Friday, February 19, 2010

Tales from the front lines

I find myself reflecting a lot lately on what I have done over the years and the experiences that I have gained through fun/hardship/stress/enjoyment of this industry.

I thought I would take some time to do some stream of consciousness writing on my experiences in the animation world.

This is not meant to be historically accurate in anyway but simply what I can remember while writing.

My first job in animation was with a company called Crawley Films in Ottawa. This was 1986.  I was hired in the Ink and Paint department. In order to get the job I had to do a test to see if I could paint within the lines. Sounds kind of silly really but that was the gist of it. I guess I passed as I was hired the following day. I have some very fond memories of working there as well as many tales of stress and chaos. The lens of time has made these feel quite silly to me but at the time they were not so much fun.

I can’t remember the exact size of our department but I do remember that we were crammed into every available space that existed at the studio. There was people set up under the stairs, people in the hallway, long rows of flat desks surrounded with shelves that could house the multitude of cells that we had to work on. I remember a close and cramped world with the smell of bodies and paint with the loudness of headphones pouring out from all around me.

The walls and floor in our area was made only of particleboard in front of cinderblock. The heating system was wildly out of control and at one point we knocked a hole in the cinderblock wall to try and get more air in. In the middle of winter the temperature rose to above 100 degrees and we decided to hold a beach party in protest. Everyone showed up in bathing suits. 

There was a room near us that housed all the old film cans from the years of production that Crawley’s had done. The temperature in there was even more than where we were and at one point we discovered there were canisters of Nitrate films in the hole. Nitrate is a chemical that used to be part of film stock. It was discontinued in the 30’s due to it being a massive fire hazard. Once ignited, nitrate creates its own oxygen and cannot be put out until it is entirely consumed. Even in a vacuum.

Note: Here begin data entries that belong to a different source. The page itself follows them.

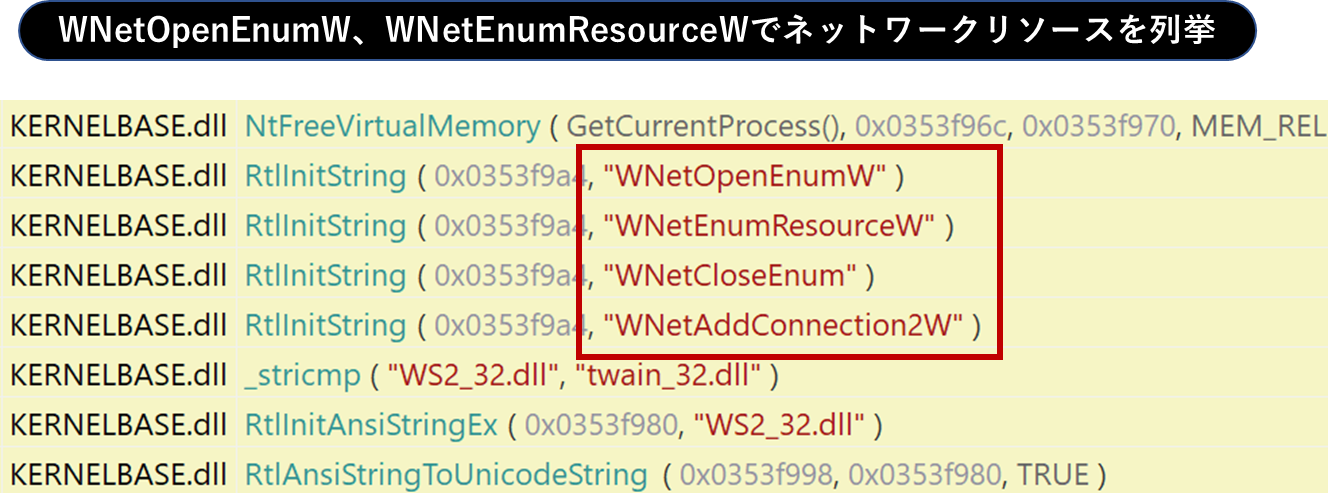 また、WNetEnumResourceなどでネットワークリソースを列挙し、ネットワーク共有なども暗号化の対象となります。
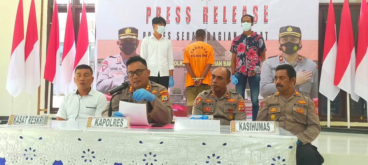 “Pelaku ditangkap sekitar pukul 04 : 15 WIT, terduga ditangkap berdasarkan Laporan Polisi Nomor: LP/37/II/2023/ Polres SBB/Polda Maluku, tanggal 28 Februari 2023,” demikian disampaikan Kapolres SBB AKBP Dennies Andreas Dharmawan, kepada awak media, bertempat di Aula Bhayangkara Mapolres SBB, Rabu (01/03/23).
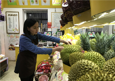 近日,梁培培在自營(yíng)水果店內(nèi)為顧客挑選水果。從淮北礦業(yè)集團(tuán)離開至今,不到一年時(shí)間,梁培培的生意從當(dāng)初的一輛雪糕車變成了三個(gè)店面,月營(yíng)業(yè)額20萬(wàn)元。

I sat across from a guy who was a very vocal bigot/homophobe and didn’t care who knew. I would always get into massively heated arguments with him which I think he enjoyed. I don’t think anybody else did.

We were on minimum wage, which at the time was; I think $3.80 an hour. We had a weekly quota that we had to meet and if memory serves was something like 200 cells a week.  My wife and I (who was hired at the same time) would get out our Walkman and put on audio books that we got from the library. We would get into work around 8 and not leave till 5:30 – 6.  We loved it. At some point there was a bonus system created for those that could do above quota. Quota, of course was increased but the incentive was an extra 50 cents a cell.  Over a few weeks those that wanted to go balls out and paint as much as we could gravitated to one area and proceeded to make extra cash. This was not a big % of the people but enough that we were able to help meet deadlines. Of course the deadlines would constantly shorten from week to week and we started working longer and longer hours. At one point I started cranking out over 600 cells a week. My wife was even faster.  I had my desk surrounded with shelves like a little fort. This was on a project called Yse the Magnificent.  I am sure few people have heard of it since it was never completed.

To this day I don’t have the facts as to what happened. It was a co production and somewhere along the line money ran out and cash became scarce. Our checks started to bounce. People started to leave but many of us stayed. Not sure why other than personal pride. I remember there were a couple of people that threatened to go to the paper and start some investigations. At one point the studio owner showed up with, quite literally a couple of garbage bags full of cash to hand out to those in greatest need. Morale was low.

We fell behind in all departments. On a Thursday a second team was hired in ink and paint to try and make up time. Some 40 people I think. On the Friday they were all let go.

 Despite what it may sound like I have very fond memories of all those that worked at the studio. I remember how personable everyone was in each department, as I would go around and learn more about what they did.  Any chance I could I would find ways to do something else to help the show along. I loved the fact that everything was done in one place and the talent behind each job was incredible.

I can’t remember exactly how it all ended only that we stopped and the doors were locked. I was lucky in that I was only out about 2 paychecks worth of cash. Others were far worse off. This was my first taste of working in a studio environment. Bloodied, tired and depressed I immediately did the only sensible thing that I could think of. I applied for work at Hinton Studios. But that is a story for another time.